In fact, a software error can always be attributed to a transient hardware failure, since software (in these types of process-control systems) reads and issues commands to actuators. Without a thorough investigation (and without on-line monitoring or audit trails that save internal state information), it is not possible to determine whether the sensor provided the wrong information, the software provided an incorrect command, or the actuator had a transient failure and did the wrong thing on its own. In the Hamilton accident, a transient microswitch failure was assumed to be the cause, even though the engineers were unable to reproduce the failure or find anything wrong with the microswitch.
Patient reactions were the only real indications of the seriousness of the problems with the Therac-25. There were no independent checks that the software was operating correctly (including software checks). Such verification cannot be assigned to operators without providing them with some means of detecting errors. The Therac-25 software "lied" to the operators, and the machine itself could not detect that a massive overdose had occurred.
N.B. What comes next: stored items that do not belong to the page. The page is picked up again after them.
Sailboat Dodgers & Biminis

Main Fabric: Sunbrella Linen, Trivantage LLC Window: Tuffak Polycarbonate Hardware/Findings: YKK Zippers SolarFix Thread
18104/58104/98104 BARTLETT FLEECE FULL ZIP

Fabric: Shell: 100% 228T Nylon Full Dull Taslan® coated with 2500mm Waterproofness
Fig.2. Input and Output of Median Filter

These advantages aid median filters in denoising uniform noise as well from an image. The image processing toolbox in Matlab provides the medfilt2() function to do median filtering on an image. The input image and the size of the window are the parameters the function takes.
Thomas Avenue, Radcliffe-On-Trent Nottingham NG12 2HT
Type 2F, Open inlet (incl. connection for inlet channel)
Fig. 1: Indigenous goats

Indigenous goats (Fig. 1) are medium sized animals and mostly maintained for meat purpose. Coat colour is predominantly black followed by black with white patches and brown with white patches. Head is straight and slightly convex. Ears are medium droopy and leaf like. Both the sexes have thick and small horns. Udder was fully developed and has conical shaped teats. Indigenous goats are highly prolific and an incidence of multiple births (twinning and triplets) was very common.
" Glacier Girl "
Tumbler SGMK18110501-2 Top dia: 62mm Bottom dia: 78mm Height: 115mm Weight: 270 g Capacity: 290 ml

The Therac-25 ion chambers could not handle the high density of ionization from the unscanned electron beam at high-beam current; they thus became saturated and gave an indication of a low dosage. Engineers need to design for the worst case.
Every company building safety-critical systems should have audit trails and incident-analysis procedures that they apply whenever they find any hint of a problem that might lead to an accident. The first phone call by Still should have led to an extensive investigation of the events at Kennestone. Certainly, learning about the first lawsuit should have triggered an immediate response. Although hazard logging and tracking is required in the standards for safety-critical military projects, it is less common in nonmilitary projects. Every company building hazardous equipment should have hazard logging and tracking as well as incident reporting and analysis as parts of its quality control procedures. Such follow-up and tracking will not only help prevent accidents, but will easily pay for themselves in reduced insurance rates and reasonable settlement of lawsuits when they do occur.
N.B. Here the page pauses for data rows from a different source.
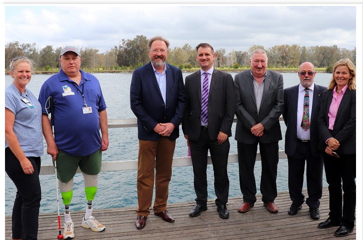
SNSWLHD, Health Infrastructure and valued community representatives at the Eurobodalla Health Service announcement.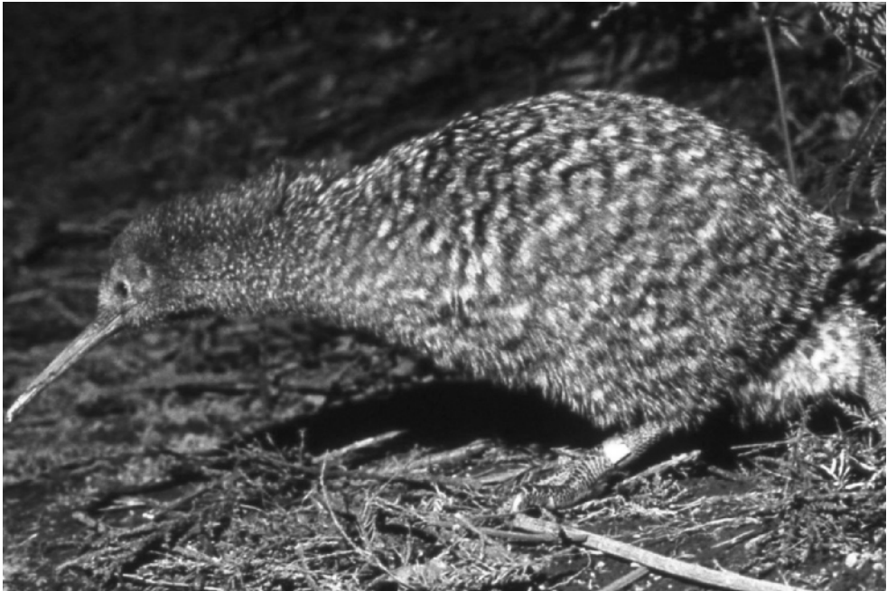
Great Spotted Kiwi With poor eyesight, smell is the kiwi's most important sense. Unlike all other birds, its nostrils are at the end of the beak, and it probes in the soil to locate the earthworms that are its main source of food.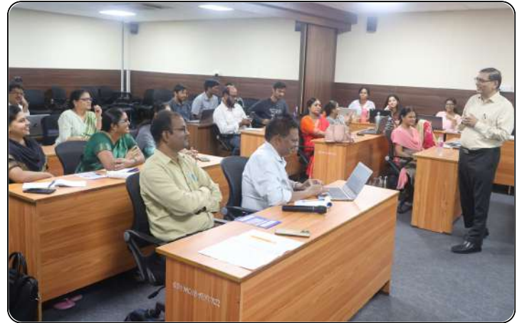
Faculty Development Program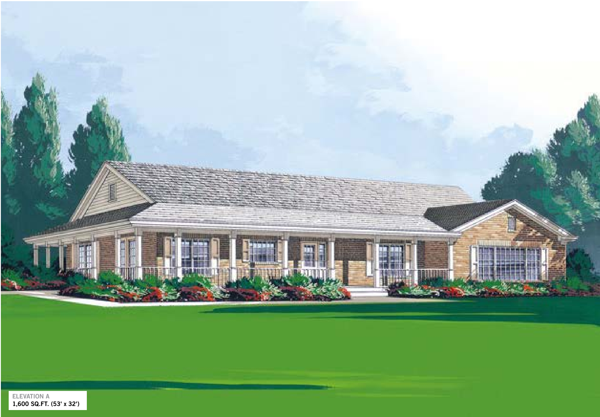
ELEVATION A 1,600 SQ.FT. (53' x 32')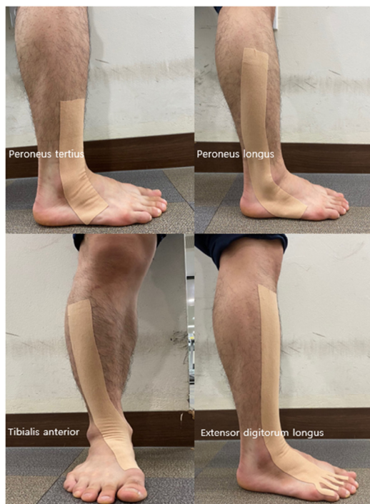
Fig. 1. Taping position applied to the ankle joint on the paralyzed side of a stroke patient.

For taping treadmill training, kinesio tape (Benefact tape, Sigmax, Japan) was used for ankle taping. Kinesio tape is used widely to stabilize the ankle joint during static standing or walking in stroke patients [25]. In this study, the tape was attached to the peroneus tertius, peroneus longus, tibialis anterior, and extensor hallucis longus, which are used widely for ankle joint stability in stroke patients [26,22]. One physical therapist with three years of clinical experience applied the tape at the position where the muscle was maximally elongated. To attach the tape to the peroneus tertius, one end of the tape was fixed to the 5th metatarsal on the paralyzed side with the ankle joint supinated, and was attached to the fibular 1/3 area along the direction of the muscle fiber running. To attach the tape to the peroneus longus, one end was fixed to the base of the first metatarsal with the ankle joint supinated, and was attached to the lateral process of fibular along the direction of the muscle fiber running. To attach the tape to the tibialis anterior, one end was fixed between the big toe and the index toe on the paralyzed side with the ankle joint pronated and was attached to the outside of the knee along the direction of the muscle fiber running. To attach the tape to the extensor digitorum longus, one end of the tape was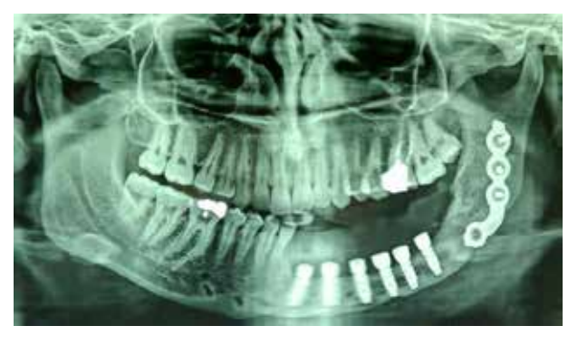
Fig 2. Implants inserted in free iliac graft.

Finally, overreliance on the numerical output of safety analyses is unwise. The arguments over whether very low probabilities are meaningful with respect to safety are too extensive to summarize here. But, at the least, a healthy skepticism is in order. The claim that safety had been increased five orders of magnitude as a result of the microswitch fix after the Hamilton accident seems hard to justify. Perhaps it was based on the probability of failure of the microswitch (typically 10^5) ANDed with the other interlocks. The problem with all such analyses is that they exclude aspects of the problem (in this case, software) that are difficult to quantify but which may have a larger impact on safety than the quantifiable factors that are included.
Although management and regulatory agencies often press engineers to obtain such numbers, engineers should insist that any risk assessment numbers used are in fact meaningful and that statistics of this sort are treated with caution. In our enthusiasm to provide measurements, we should not attempt to measure the unmeasurable. William Ruckelshaus, two-time head of the US Environmental Protection Agency, cautioned that "risk assessment data can be like the captured spy; if you torture it long enough, it will tell you anything you want to know." E.A. Ryder of the British Health and Safety Executive has written that the numbers game in risk assessment "should only be played in private between consenting adults, as it is too easy to be misinterpreted."